Confederate Monument to be Moved to Stephen Miller’s Bedroom

A memorial statue of Confederate General and early Ku Klux Klan member Lester Rochambeau Curtiss riding his horse over a naked, bound slave woman while pleasantly sipping a mint julep will be moved into the bedroom of Senior White House Advisor Stephen Miller.

The monument, which the city council had voted to remove from Caucasian Meadows Park in the town of Sundown, Tennessee, was to be put in storage while awaiting a private buyer, but an emotional Miller recently burst into a council meeting with a bag of cash and bought it outright. A contract was quickly drawn up arranging for the statue to be transported directly to his bedroom in the dead of night.

Miller’s impulse purchase is unlikely to improve his image with liberals, who have pointed to the recent exposure of his emails pushing Breitbart News Website to run stories based on White Supremacist sources and questioned why he would want the enormous bronze tribute to slavery in his bedchamber.

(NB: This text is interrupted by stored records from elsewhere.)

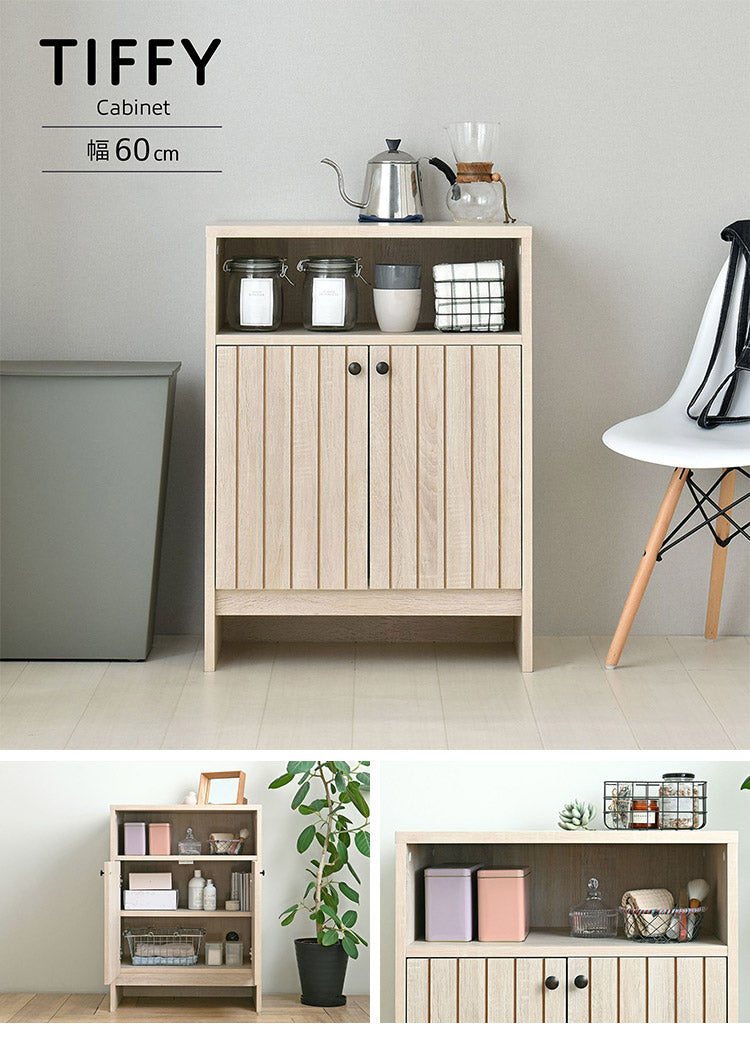 リビングボード おしゃれ 食器棚 棚 リビングボード カントリー調 サイドボード 北欧 幅60cm 60cm 収納 木製 北欧 収納家具 TIFFY ティフィー(代引不可)
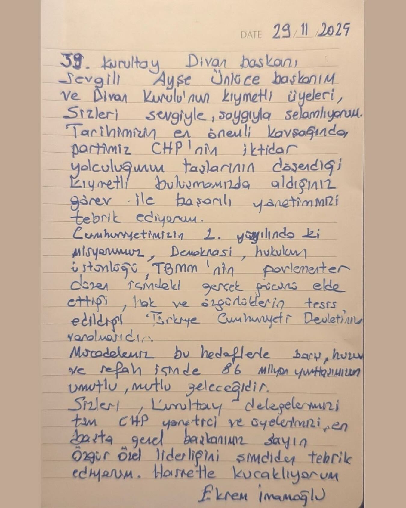 “Cumhurbaşkanı adayımız Sn. Ekrem İmamoğlu’nun 39. Olağan Kurultayımız da bizlere gönderdiği mektup, kendisinin Silivri zindanında siyasi tutsak olarak esir ediliyor olmasına rağmen bu duygu ve düşünceleri,Cumhuriyetimizin ikinci yüzyılında, demokrasimize, hukuk devletinin gerekliliklerine ve partimize yapılan her türlü baskı ve adaletsizliğe karşın umudumuza ve mücadele azmimize güç katmaya devam ediyor.
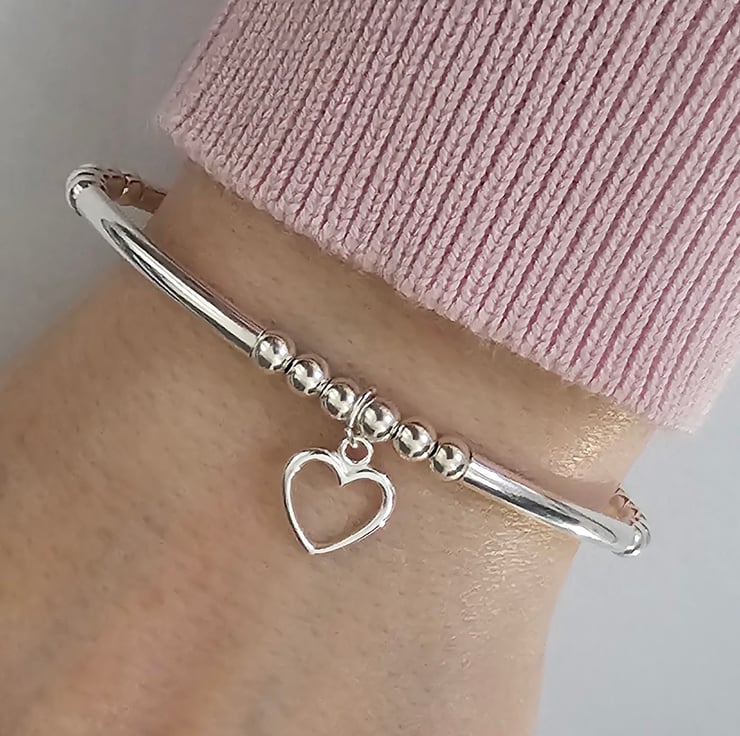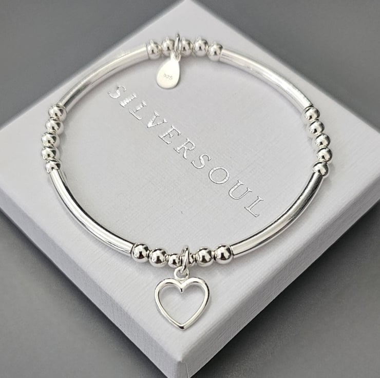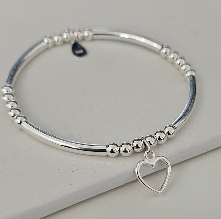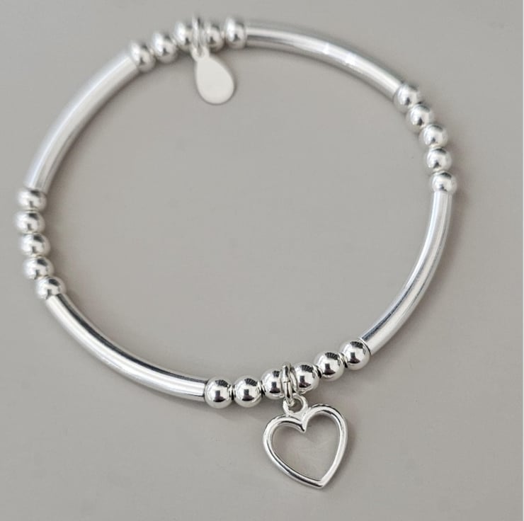 Sterling Silver Open Heart charm stretch bracelet, made with good quality materials. This bracelet is truly a beautiful piece to own and one for your jewellery collection, with a lovely heart charm that makes it extra special. This bracelet is made with Sterling silver 4mm beads and Sterling silver noodle tubes with a 10mm open heart charm. Each bracelet has a hallmarked 925 tag.
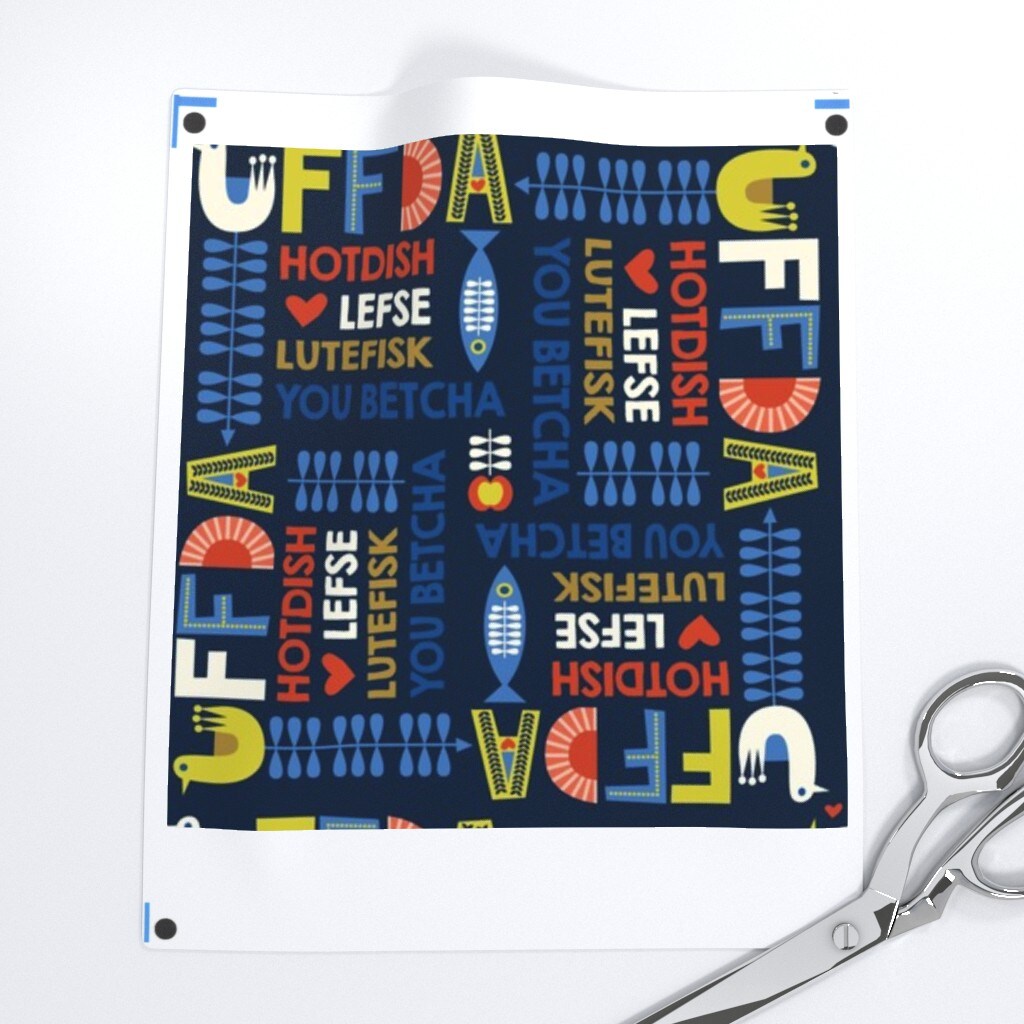 Navy Scandinavian Nordic Floral Custom Printed Fabric by Spoonflower Various Fabrics by the Yard or Fat Quarter
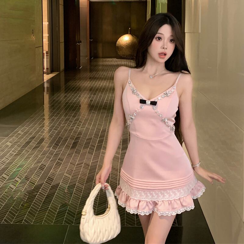 吊りワンピース セクシー スウィート ガーリー 蝶結び ラインストーン ピンク S M

A spokesman for Miller said in a statement Friday that “Mr. Miller’s choice to place the statue in his bedroom was based simply on available space in his house, and his desire for the quiet contemplation of the monument in private. Rumors that the senior advisor enjoys ‘pleasuring himself while viewing Confederate monuments and wearing military costumes’ are a vicious fabrication of the hateful, radical Democrats consumed with tearing our great country apart.”

When asked if “tearing the country apart” wasn’t exactly what the Confederates were doing in instigating the Civil War, the spokesman said he “did not see the connection.”